Through the Society’s Advocate Grant Program, educators and scientists mentor and expand opportunities for underrepresented and low-income students who have the potential to excel in STEM fields with additional support.
Each Advocate will mentor a cohort of at least three underrepresented students and help them navigate the sometimes-complicated process involved in entering science research competitions, supporting the students as they complete science research projects and apply to compete in science competitions.
“By building an awareness of science research opportunities and science competitions, the Society’s Advocates are setting students up to realize their full potential in STEM fields,” said Maya Ajmera, President and CEO of the Society for Science & the Public and Publisher of Science News. “The program opens the door for all students, regardless of background, to have the opportunity to gain critical exposure to build a career in science. The Advocate Grant Program is making way for future leaders.”
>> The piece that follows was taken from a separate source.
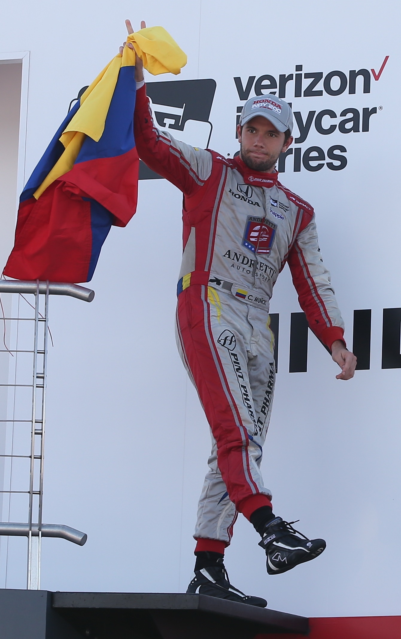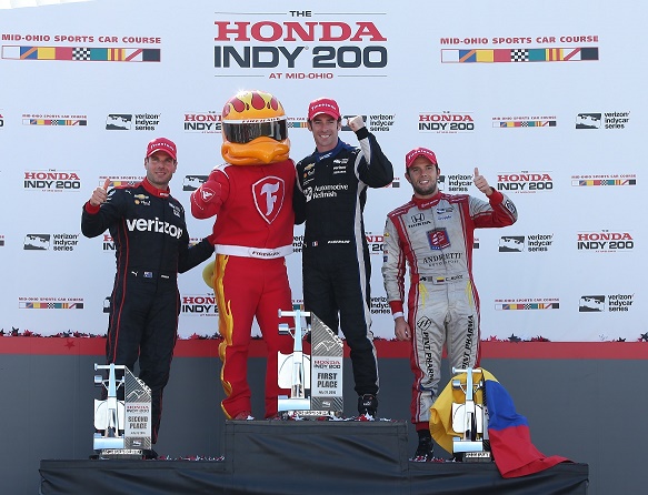 El piloto colombiano Carlos Muñoz visitó el podio de la IndyCar, al terminar en la tercera casilla de la competencia ‘Honda Indy 200 en Mid-Ohio’, tras una impresionante demostración de buen manejo y gran trabajo de su equipo, el Andretti Autosport, en la zona de boxes, lo cual le permitió pasar de la casilla 15, en donde largó, al último peldaño del podio de premiación.
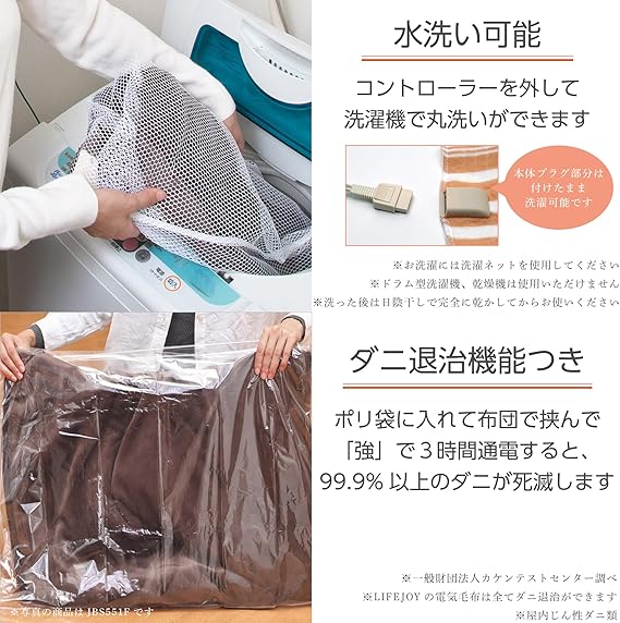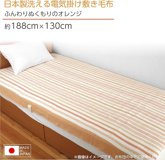 ライフジョイ 電気毛布 日本製 掛け 敷き 兼用 シングル オレンジ 188cm×130cm 洗濯可能 8時間OFFタイマー機能付 室温センサー付 頭寒足暖 やわらか JBK551G-D

This year’s Advocates hail from 28 states, Washington D.C. and Puerto Rico. They include seven middle school teachers, five teachers who work with middle and high school students, 30 high school teachers, six university professors and two museum educators. Now in its fourth year, the program is continuing to grow and reach more students. In 2017, the Society named 45 Advocates. The program named 31 in 2016, up from nine during its pilot year in 2015. The Society received nearly 250 applications from 46 states as well as Washington, D.C. and Puerto Rico.
By informing students about science competitions, helping them to navigate the application process, and imparting a thirst for scientific research, Advocates are implementing a STEM pipeline for students who may not have one otherwise. Students who compete in science competitions come away with critical skills, including the ability to write a research paper and communicate their work to peers and judges.
The Advocate Grant Program is funded by Arconic Foundation, Jack Kent Cooke Foundation, and Regeneron.